We've developed a bespoke ASP.NET application for use on our customer's intranet. It appears they're unlikely to pay for it, so our boss would like us to introduce a time bomb.

[Edit:] Technical responses only please! Whether this is a good (or legal) idea is a question for CEOoverflow.com ;-)

All pages in the application inherit from a class called ApplicationBasePage and have consistent error handling, so I'm thinking that throwing an exception early in the lifecycle of ApplicationBasePage will be an easy way to make the application unusable. I'm open to other ideas you may have though.
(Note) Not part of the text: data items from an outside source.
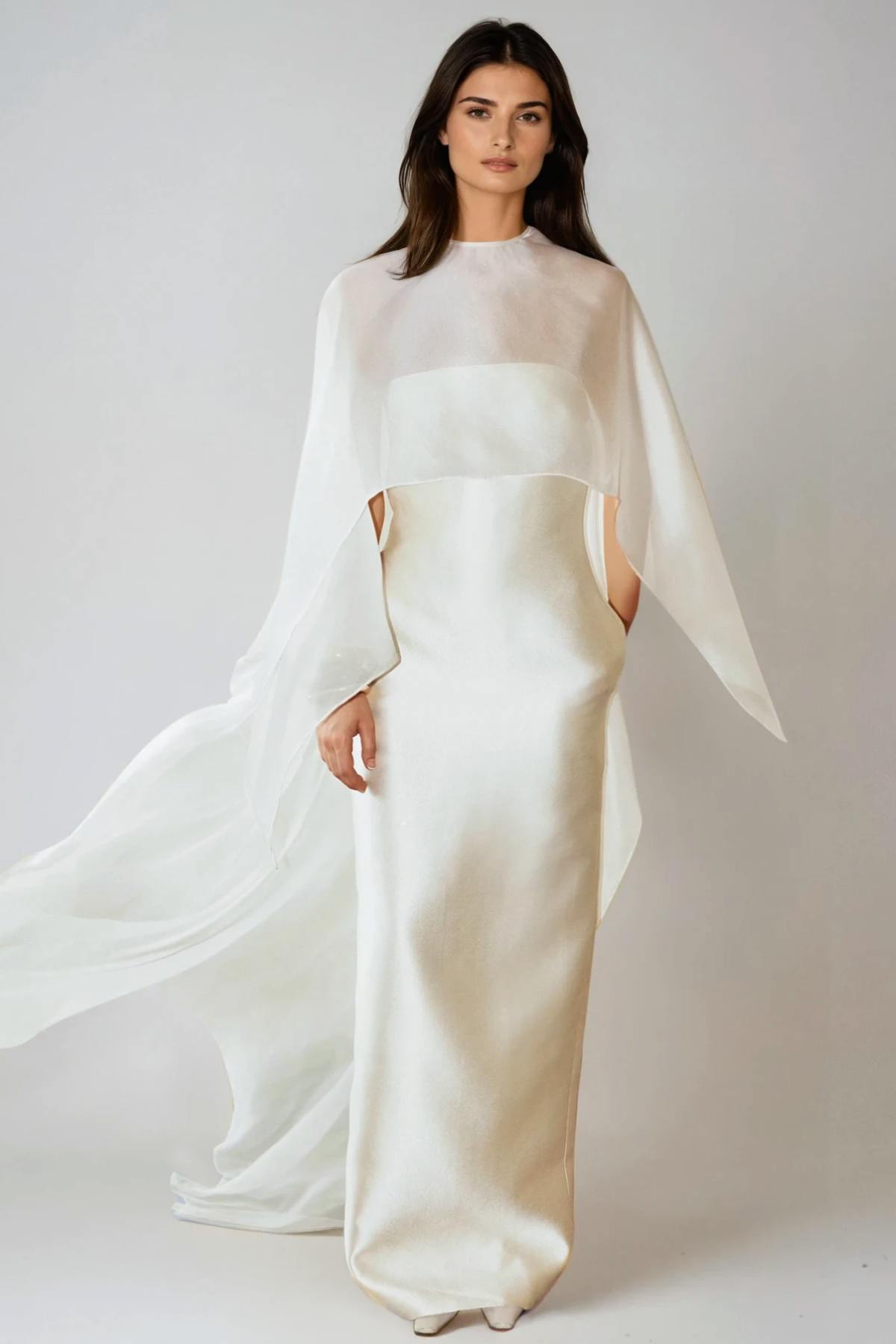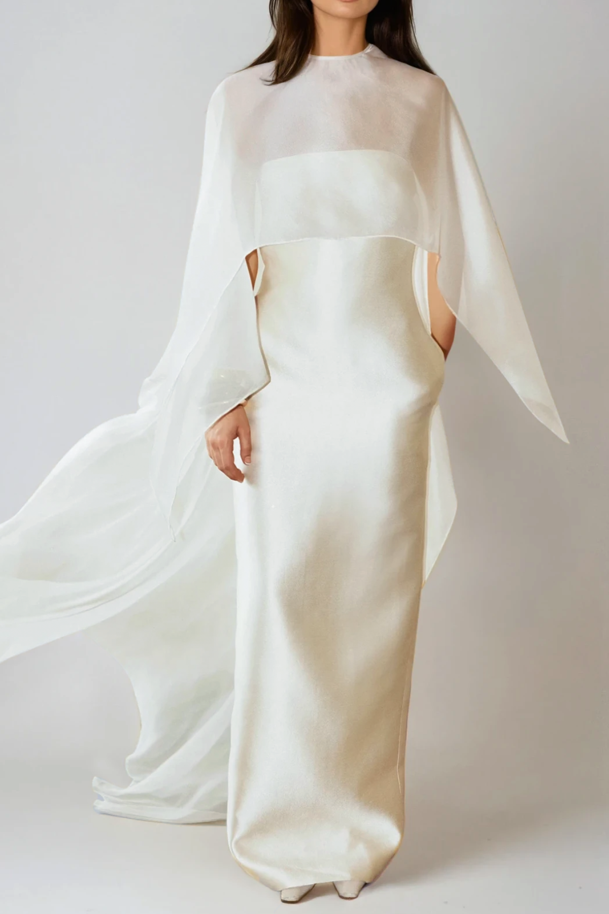 Fallon Mesh Shawl Silky Maxi Dress In White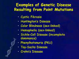 In the same way, if our genetic code is changed by a single letter, a completely different gene is created. sometimes it may be innocuous. But some times, it can create a life threatening disease. A list of diseases caused by one point mutation is given below.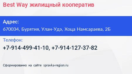 Best Way, жилищный кооператив по адресу 670034, Бурятия, Улан-Удэ, Хоца Намсараева, 2Б в дальнейшем Организация, размещена в следующих категориях:

My question is: how and where should we store the date on which the application will expire?

Some points to note:

  • The application is installed on a single server in the customer's offices.
  • Application data is held in a SQL Server 2005 database held on the same server. The database was designed by us and is not used for anything else.
  • The application is only accessible on their intranet: there is no access to the application over the Internet.
  • We currently have remote desktop access to their server, but would expect to lose that if things turn nasty.
  • The application is written in .NET 2.0.
  • Security is handled by FormsAuthentication.
  • We need to be able to turn the timebomb off or change the its trigger date easily (assume we still have remote desktop access to do this).
  • The server can normally access the Internet, but it would be best not to rely on this.
  • The timebomb will only lock users out: it won't destroy any data.
  • Unless it triggers, the customer must never be aware of the time bomb's existence.
  • Their IT guy will happily go poking around in the web.config or in the database. He's not a programmer but he's not afraid to change things "just to see what happens". Decompiling or reverse engineering the application would be beyond his capabilities.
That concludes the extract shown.